The DevOps platform provider posted adjusted earnings of $0.27 per share, significantly higher than the prior year’s $0.19 and comfortably exceeding Wall Street’s $0.22 projection. Total revenue hit $154M, marking a 26% annual increase and beating analyst estimates of $147.4M.
Prior to Thursday’s earnings release, JFrog shares had declined 8.7% year-to-date in 2026, as market participants expressed concerns that AI-driven development tools might reduce demand for traditional software infrastructure platforms.
Friday’s results challenged that thesis directly.
Chief Executive Shlomi Ben Haim directly addressed the skepticism in an interview with Barron’s, arguing that AI-powered coding agents are actually generating more software applications — which in turn creates greater need for managing and securing the resulting binary code. This represents JFrog’s primary value proposition.
“Every company that was built on human interaction with technology, I think they need to kind of recalculate the future,” Ben Haim said. “Companies that build infrastructure, we will need more of them.”
Guggenheim analysts Howard Ma and Joseph DiBartolomeo endorsed this perspective, pointing out that three of the five biggest AI-native companies already utilize JFrog’s platform. “They either cannot or it’s too complicated to build what JFrog does,” they stated, while upgrading their price target from $60 to $80.
Cloud Business Achieves Milestone Majority Status
The cloud segment delivered exceptional performance during the quarter, expanding 50% year-over-year to $78.9M. This represents an acceleration from the previous quarter’s 42.1% growth rate and significantly exceeded Wall Street’s 36.7% projection.
For the first time, cloud-based services now account for over half of JFrog’s total revenue, climbing from 43% in the year-ago period.
Ben Haim observed that clients are increasingly consuming services beyond their contracted annual commitments — indicating robust usage patterns. Importantly, JFrog’s financial guidance reflects only committed spending, suggesting potential for future outperformance.
Wall Street Upgrades Price Targets Broadly
DA Davidson elevated its price objective to $90 from $65, establishing the highest target among covering analysts, while citing robust security product adoption and cloud consumption driven by AI workloads. The firm maintained its Buy recommendation.
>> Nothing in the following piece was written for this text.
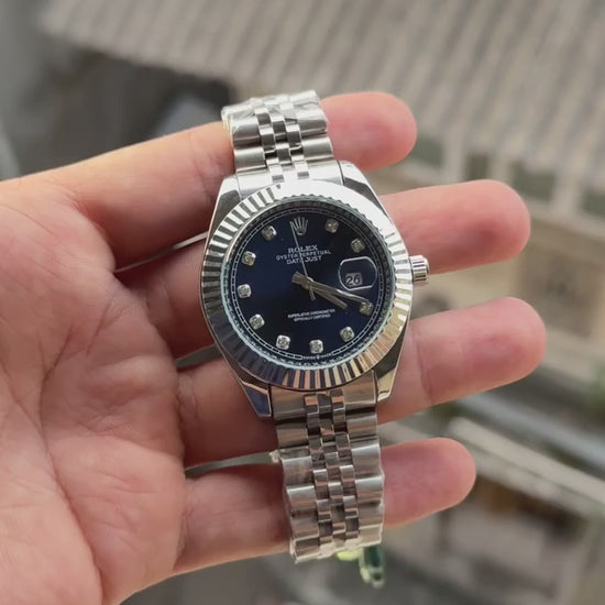 Role_x Datejust Silver Blue Diamond Dial Watch
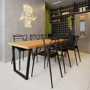 Transforme sua casa ou escritório em um espaço moderno e elegante com o conjunto de mesa Lana industrial e cadeiras alegra. Combinando o charme rústico da estética industrial com a funcionalidade contemporânea, este conjunto é uma escolha ideal para quem busca uma atmosfera única e convidativa.

BTIG analyst Nick Altmann similarly reaffirmed his Buy rating and increased his target from $60 to $80, commending management’s prudent forecasting strategy as providing “room for continued upside.”
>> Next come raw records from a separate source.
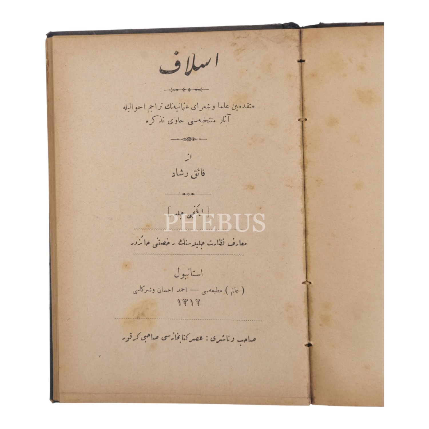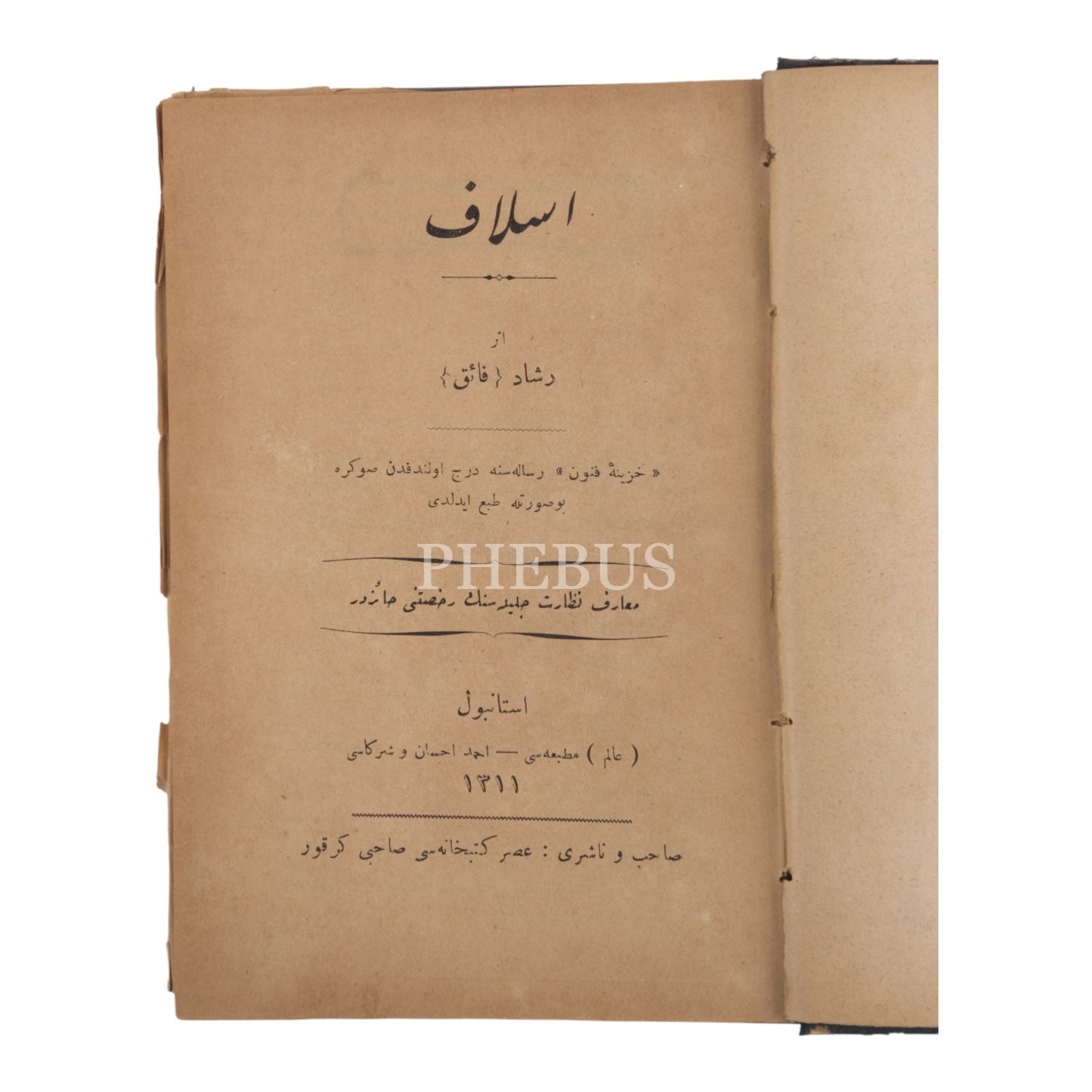 ESLÂF, iki cilt bir arada, Faik Reşad, 1311-12, Âlem Matbaası, 238+158 sayfa, 12x19 cm...
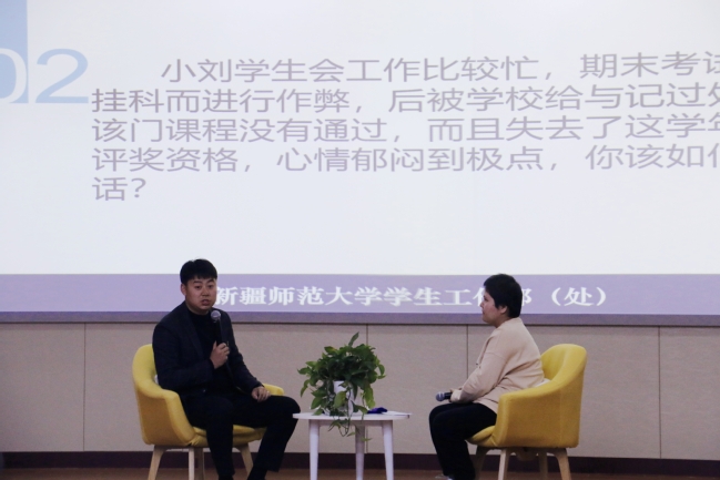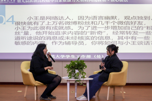 本次比赛分为案例研讨和谈心谈话两个环节。在案例研讨环节,选手通过抽签分组,以“我提问,你回答”的方式围绕案例共同辨析原因、研讨对策,展示了辅导员分析问题、研判问题、解决问题、应急处突等能力。谈心谈话环节考验了辅导员对学生特征、学生成长成才规律的了解和把握程度,对学生的教育引导能力、解决理论困惑和实际问题的能力等,参赛辅导员和助演学生以情景再现的方式开展谈话,找出症结,化解矛盾,提供建议。
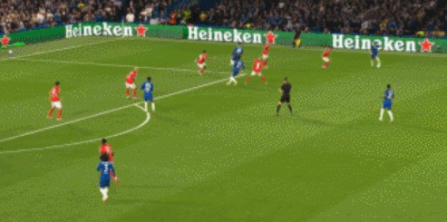 到了下半场,切尔西继续压着打,但没有扩大领先优势,下半场补时第6分钟,若昂-佩德罗因抬脚过高而两黄变一红被罚出场。全场战罢,切尔西1-0小胜本菲卡,取得本赛季欧冠首胜。

Needham lifted its target to $80 from $70, also sustaining its Buy rating, and emphasized the accelerating cloud growth as a particularly encouraging signal.
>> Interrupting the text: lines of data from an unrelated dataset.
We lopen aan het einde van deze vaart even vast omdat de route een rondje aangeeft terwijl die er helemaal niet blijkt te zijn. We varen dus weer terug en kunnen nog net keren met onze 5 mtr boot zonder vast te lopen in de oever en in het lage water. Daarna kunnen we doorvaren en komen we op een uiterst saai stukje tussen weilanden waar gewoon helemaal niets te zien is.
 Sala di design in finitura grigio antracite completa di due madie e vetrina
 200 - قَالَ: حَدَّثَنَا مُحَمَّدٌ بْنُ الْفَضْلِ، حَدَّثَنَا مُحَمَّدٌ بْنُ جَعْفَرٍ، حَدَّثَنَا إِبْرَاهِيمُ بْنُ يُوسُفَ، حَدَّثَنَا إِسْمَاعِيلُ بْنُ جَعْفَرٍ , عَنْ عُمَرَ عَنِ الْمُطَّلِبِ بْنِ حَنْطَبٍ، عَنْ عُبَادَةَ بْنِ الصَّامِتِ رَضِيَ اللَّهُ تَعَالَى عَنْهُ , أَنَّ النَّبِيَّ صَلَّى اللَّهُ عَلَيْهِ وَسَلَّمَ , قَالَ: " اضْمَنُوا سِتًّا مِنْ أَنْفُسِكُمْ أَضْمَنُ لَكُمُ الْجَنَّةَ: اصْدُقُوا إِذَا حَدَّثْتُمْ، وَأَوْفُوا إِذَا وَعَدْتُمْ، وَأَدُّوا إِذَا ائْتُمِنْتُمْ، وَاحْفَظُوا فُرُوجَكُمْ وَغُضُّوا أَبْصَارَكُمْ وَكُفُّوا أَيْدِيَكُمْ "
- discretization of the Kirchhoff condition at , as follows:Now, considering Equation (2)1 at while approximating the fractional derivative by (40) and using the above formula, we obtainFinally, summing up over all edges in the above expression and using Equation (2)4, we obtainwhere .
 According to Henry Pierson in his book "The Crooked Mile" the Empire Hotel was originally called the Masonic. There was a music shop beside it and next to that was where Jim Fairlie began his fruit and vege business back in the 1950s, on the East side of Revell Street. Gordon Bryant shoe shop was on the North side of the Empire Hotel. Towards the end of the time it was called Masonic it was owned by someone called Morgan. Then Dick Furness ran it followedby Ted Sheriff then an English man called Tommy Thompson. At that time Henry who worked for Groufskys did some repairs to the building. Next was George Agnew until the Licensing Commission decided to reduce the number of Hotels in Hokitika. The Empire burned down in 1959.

JFrog’s updated full-year 2026 outlook now projects adjusted earnings per share between $0.93 and $0.97, up from the previous $0.88–$0.92 range, with revenue expected to reach $628M–$632M, increased from $623M–$628M.
The earnings announcement arrived one day after Fortinet (FTNT) delivered its own earnings beat, propelling the iShares Expanded Tech-Software Sector ETF up 3.5% on Thursday.
Following Friday’s rally, FROG stock was approaching its 52-week high of $70.43, while maintaining a gross profit margin of 76.79%.